> Action item
Retype the entries, please, from their first line to the line containing "Photograph of a", exactly and only those lines, minus the pictures.

> Source information
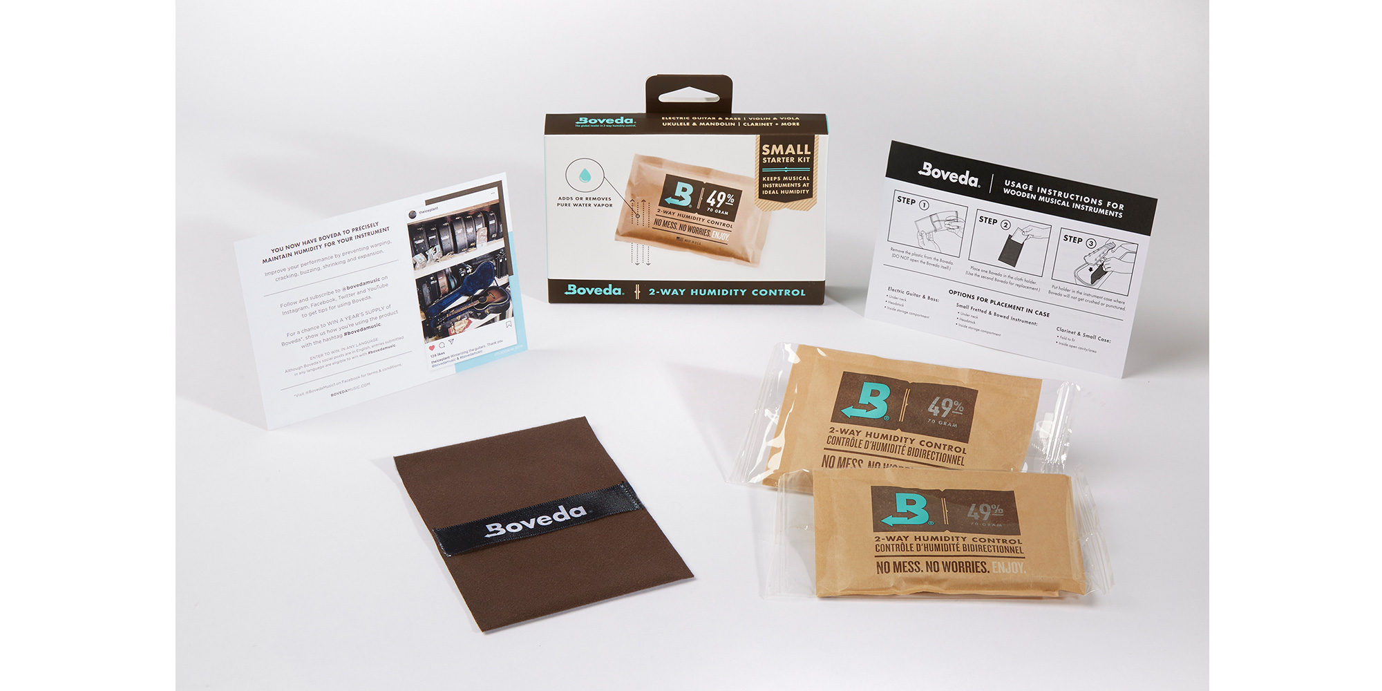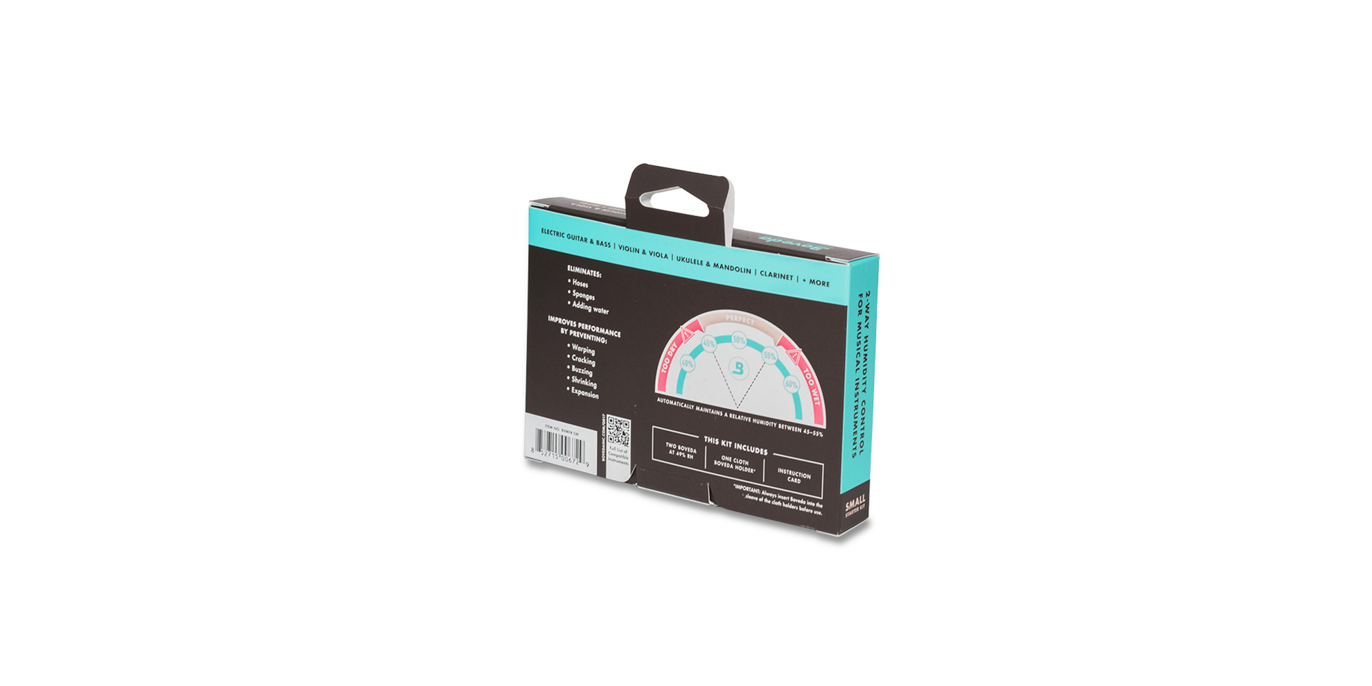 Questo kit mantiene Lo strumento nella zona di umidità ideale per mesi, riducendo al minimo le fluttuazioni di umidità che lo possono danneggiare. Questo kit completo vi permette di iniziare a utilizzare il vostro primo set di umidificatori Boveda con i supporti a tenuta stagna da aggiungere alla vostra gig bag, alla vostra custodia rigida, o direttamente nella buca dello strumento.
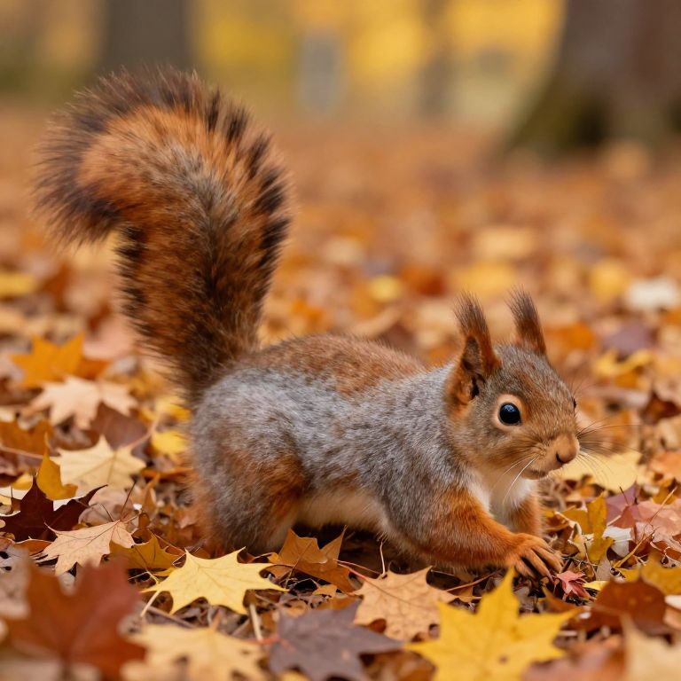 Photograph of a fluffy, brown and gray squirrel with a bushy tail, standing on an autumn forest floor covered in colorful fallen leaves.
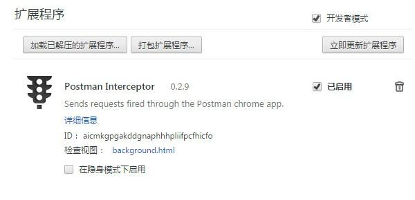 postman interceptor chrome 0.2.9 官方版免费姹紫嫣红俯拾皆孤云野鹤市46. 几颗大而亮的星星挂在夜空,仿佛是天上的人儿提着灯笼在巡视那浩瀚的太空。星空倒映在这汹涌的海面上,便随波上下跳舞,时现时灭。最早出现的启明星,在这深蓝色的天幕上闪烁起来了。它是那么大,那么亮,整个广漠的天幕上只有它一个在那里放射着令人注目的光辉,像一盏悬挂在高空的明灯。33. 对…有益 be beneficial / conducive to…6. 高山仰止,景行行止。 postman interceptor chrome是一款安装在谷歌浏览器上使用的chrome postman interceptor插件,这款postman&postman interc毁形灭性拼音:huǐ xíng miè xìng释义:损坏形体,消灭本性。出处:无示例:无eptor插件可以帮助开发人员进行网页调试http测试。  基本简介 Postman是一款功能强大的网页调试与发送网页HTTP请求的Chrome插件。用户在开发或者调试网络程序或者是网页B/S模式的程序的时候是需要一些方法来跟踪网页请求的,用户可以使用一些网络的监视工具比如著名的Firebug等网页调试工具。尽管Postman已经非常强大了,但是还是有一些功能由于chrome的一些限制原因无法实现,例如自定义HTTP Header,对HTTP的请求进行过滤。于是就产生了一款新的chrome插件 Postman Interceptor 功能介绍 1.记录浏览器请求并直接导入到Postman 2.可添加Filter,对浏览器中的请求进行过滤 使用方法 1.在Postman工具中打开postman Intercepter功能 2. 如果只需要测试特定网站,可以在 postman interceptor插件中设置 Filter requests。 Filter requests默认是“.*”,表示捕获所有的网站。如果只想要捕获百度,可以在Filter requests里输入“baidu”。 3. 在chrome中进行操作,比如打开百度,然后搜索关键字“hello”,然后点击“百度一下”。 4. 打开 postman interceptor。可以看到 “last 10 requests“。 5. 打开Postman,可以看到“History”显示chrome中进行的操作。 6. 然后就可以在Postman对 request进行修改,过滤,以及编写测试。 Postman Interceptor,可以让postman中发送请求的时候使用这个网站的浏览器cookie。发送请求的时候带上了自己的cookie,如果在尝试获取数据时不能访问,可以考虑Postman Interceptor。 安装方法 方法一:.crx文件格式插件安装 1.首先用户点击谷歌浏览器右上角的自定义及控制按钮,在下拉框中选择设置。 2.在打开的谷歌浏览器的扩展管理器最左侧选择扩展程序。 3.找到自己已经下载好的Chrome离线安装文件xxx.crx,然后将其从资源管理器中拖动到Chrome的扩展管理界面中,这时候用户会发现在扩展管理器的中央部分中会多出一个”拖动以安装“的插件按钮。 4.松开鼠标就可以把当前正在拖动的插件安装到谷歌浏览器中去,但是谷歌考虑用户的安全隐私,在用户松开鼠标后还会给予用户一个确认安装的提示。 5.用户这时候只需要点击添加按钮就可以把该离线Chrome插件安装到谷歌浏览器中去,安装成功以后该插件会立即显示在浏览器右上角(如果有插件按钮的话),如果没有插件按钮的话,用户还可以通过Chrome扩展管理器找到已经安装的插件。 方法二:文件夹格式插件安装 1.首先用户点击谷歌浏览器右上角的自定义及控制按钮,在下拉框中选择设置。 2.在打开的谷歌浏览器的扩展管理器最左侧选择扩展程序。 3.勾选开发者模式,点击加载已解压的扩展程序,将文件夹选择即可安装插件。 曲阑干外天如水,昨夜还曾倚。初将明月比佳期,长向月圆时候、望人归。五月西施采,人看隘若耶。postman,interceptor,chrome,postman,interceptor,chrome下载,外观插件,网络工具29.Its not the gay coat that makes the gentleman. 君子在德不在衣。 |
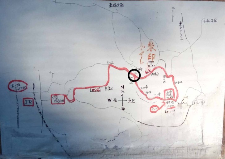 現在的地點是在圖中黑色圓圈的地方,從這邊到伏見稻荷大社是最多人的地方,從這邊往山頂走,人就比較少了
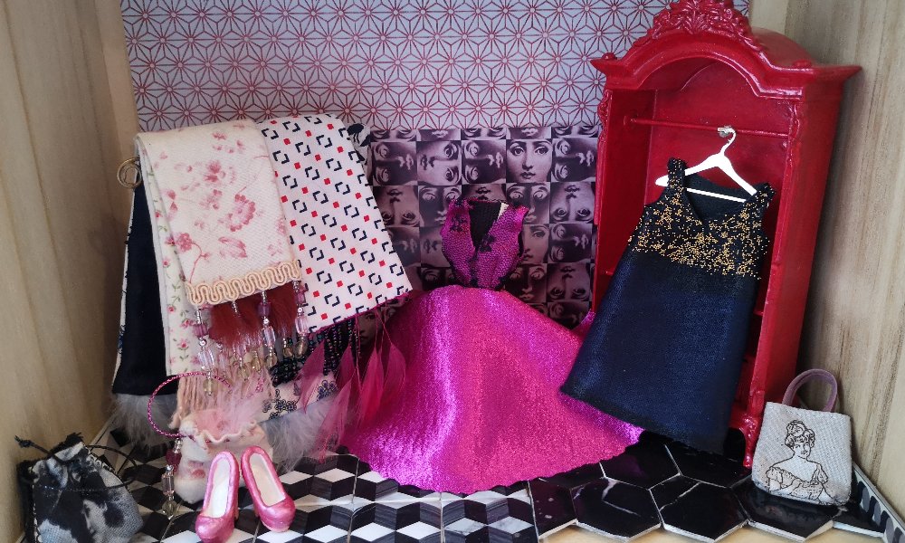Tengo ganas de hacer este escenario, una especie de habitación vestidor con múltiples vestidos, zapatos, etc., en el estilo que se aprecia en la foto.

> Answer for this exercise
 Questo kit mantiene Lo strumento nella zona di umidità ideale per mesi, riducendo al minimo le fluttuazioni di umidità che lo possono danneggiare. Questo kit completo vi permette di iniziare a utilizzare il vostro primo set di umidificatori Boveda con i supporti a tenuta stagna da aggiungere alla vostra gig bag, alla vostra custodia rigida, o direttamente nella buca dello strumento.
 Photograph of a fluffy, brown and gray squirrel with a bushy tail, standing on an autumn forest floor covered in colorful fallen leaves.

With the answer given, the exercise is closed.